Now reading OP's original question once over: "Any cookies that I have
associated with that site will be sent along with this HTTP request".
*I have associated*

A Web site usually consists of more than one resource.
From my (possibly wrong) reading of this sentence I concluded that OP
knows what cookies, for what domain and what path did he set.

Perhaps, perhaps not. For example, session cookies ("session" referring
to server-side sessions here, not necessarily also to client-side ones),
are often set/sent automatically by server-side applications.
name/domain/path exact match was implemented for exactly the opposite
situation: when someone wants to destroy cookie set by someone else.

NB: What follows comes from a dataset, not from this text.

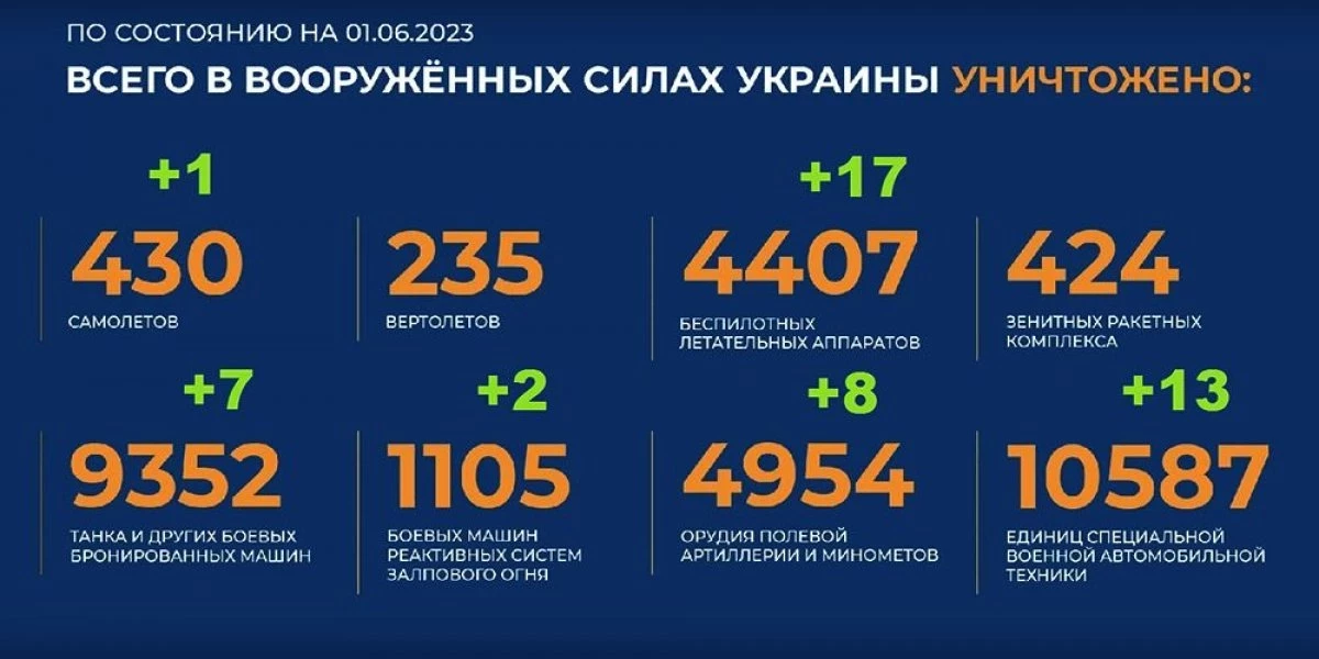 Потери Украины на сегодня 1.06.2023 Всего с начала проведения специальной военной операции уничтожено: 430 самолетов, 235 вертолетов, 4407 беспилотных летательных аппаратов, 424 зенитных ракетных комплекса, 9352 танка и других боевых бронированных машин, 1105 боевых машин реактивных систем залпового огня, 4954 орудия полевой артиллерии и минометов, а также 10587 единиц специальной военной автомобильной техники.

Utter nonsense. It was implemented to allow cookies to be accessible
throughout a Web site, especially sub-level domains and subpaths, and
accessible in a sub-level domain (and its sub-level domains) and subpaths
but not in the domain or path of higher level.


PointedEars
 
M

Michael Winter

On 14/02/2006 20:59, VK wrote:

[snip]
Now reading OP's original question once over: "Any cookies that I have
associated with that site will be sent along with this HTTP request".
*I have associated*

From my (possibly wrong) reading of this sentence I concluded that OP
knows what cookies, for what domain and what path did he set.

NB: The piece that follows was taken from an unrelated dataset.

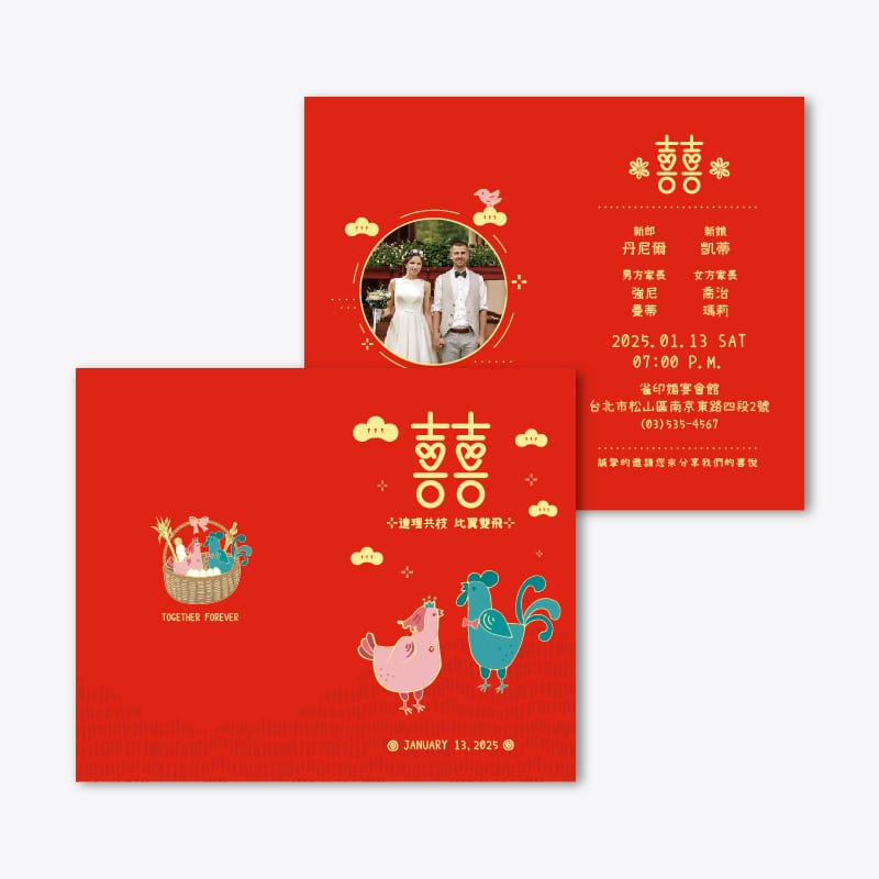 彩色雙面喜帖,精選多樣設計,自由編輯內容,線上製作所見即所得,多種優質紙材選擇,精湛台灣在地印刷,無可比擬的絕佳性價比

One should certainly hope that, given a particular cookie, code that
deals with this cookie should know the conditions under which is was
created. However, if there were, for example, two cookies used across a
site, code that uses only one shouldn't need to know about the other.

What you proposed - removing and then restoring the cookies - would mean
that the client-side code would need to know everything about both, and
would need to be maintained in parallel to the code that creates and
uses them. Even then, the client-side code still may not be able to
restore the cookies properly as it will not know the original expiration
time and date.
name/domain/path exact match was implemented for exactly the opposite
situation: when someone wants to destroy cookie set by someone else.

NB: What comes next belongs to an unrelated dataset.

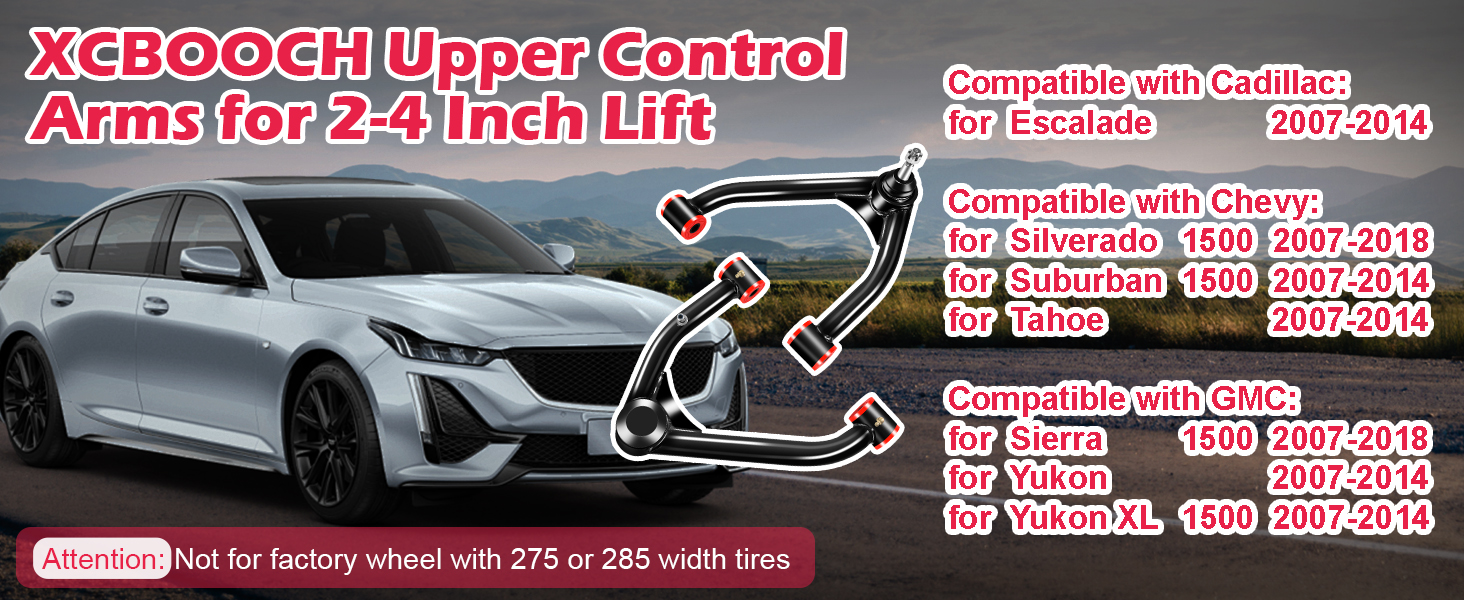 2-4 inch lift front upper control arms compatible with Chevy: for Silverado 1500 2007-2014, for Silverado 1500 new body 2014-2018, for Suburban 1500 2007-2014, for Tahoe 2007-2014

Not at all. The domain and path parameters allow an application to
control where within a site the state information will apply (I already
said that). The required matching algorithm, insofar as matching name,
domain and path, is in place to ensure that the correct cookie is
modified as cookies with the same name can co-exist. It does have the
side-effect of making modification difficult unless the this data is
known, but it's not the reason (otherwise RFC 2965 wouldn't specify
behaviour that exposes it).
Again it might be my mistake but I did not read this situation out of
the post.

To be fair to you, it isn't your responsibility to try to infer
information about a situation that cannot reasonably be known: the OP
should make the circumstances clear. However, you cannot espouse
practicality and then go on to propose something that is clearly not
practical under a reasonable scenario.